State media now refer to Mashaei as the “leader of a deviated current.” According to the semiofficial Fars News Agency, Mashaei and his allies are seeking to diminish the role of clerics in the Islamic republic and are predicting the imminent arrival of the Shiite messiah, known as the Mahdi, in order to attract supporters. “This group is unprecedented in the history of the Islamic Republic,” the managing director of Fars, Hamid Reza Moghaddam-Far, wrote on Wednesday.

Iranian media outlets have reported corruption allegations against Mashaei. In addition, parliament has stopped funding for his council for Iranians living abroad, with some accusing the group of contacting the Iranian opposition in the West.

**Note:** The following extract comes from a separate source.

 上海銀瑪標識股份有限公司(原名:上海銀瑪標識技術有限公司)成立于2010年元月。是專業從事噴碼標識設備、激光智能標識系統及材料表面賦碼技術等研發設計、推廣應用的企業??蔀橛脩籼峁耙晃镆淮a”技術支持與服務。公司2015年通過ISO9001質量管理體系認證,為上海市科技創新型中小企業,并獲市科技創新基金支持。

Supporters of Mashaei say that his name is being tarnished in order to pressure the president. Ahmadinejad himself has shown no sign of giving in. “They are making up these jokes of fortunetelling and exorcism,” Ahmadinejad said in an appearance on state television. “Our rivals clearly want to make the people laugh.”

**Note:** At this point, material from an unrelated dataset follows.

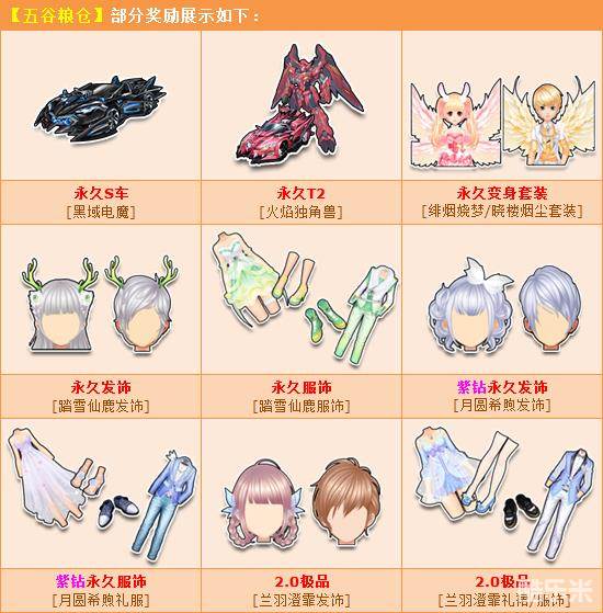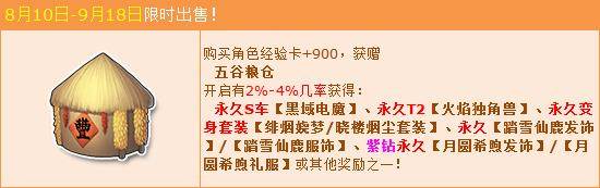 8月10日-9月18日购买角色经验卡+900,获赠:五谷粮仓,开启有几率获得:永久S车【黑域电魔】、永久T2【火焰独角兽】、永久变身套装【绯烟娆梦/晓楼烟尘套装】、永久【踏雪仙鹿发饰】/【踏雪仙鹿服饰】、紫钻永久【月圆希煦发饰】/【月圆希煦礼服】或其他奖励之一!获得核心奖励永久型概率是:2%-4%,获得核心奖励期限型概率是:4%-6%,获得非核心奖励概率是:90%-94%。

The reason Ahmadinejad has stuck by Mashaei is simple, analysts say: They need each other.

“Both men are two pieces of the same puzzle,” said Amir Mohebbian, an analyst who has in the past supported the president’s policies. “They don’t contradict each other, they complete each other.” He said that the arrest of Mashaei was a real possibility but that it would lead to “an aggressive” reaction by Ahmadinejad.

Ahmadinejad on Sunday publicly declared his allegiance to the supreme leader, complaining that “enemies” were trying to create a rift between the two men. Mashaei, speaking for the first time since the latest controversy erupted, on Friday told the Islamic Republic News Agency that some within the government were “raising the issue of a rift in order to meet their own petty group and factional objectives.” He also expressed strong support for Khamenei and emphasized that the “recent propaganda” had “no effect whatsoever” on the president.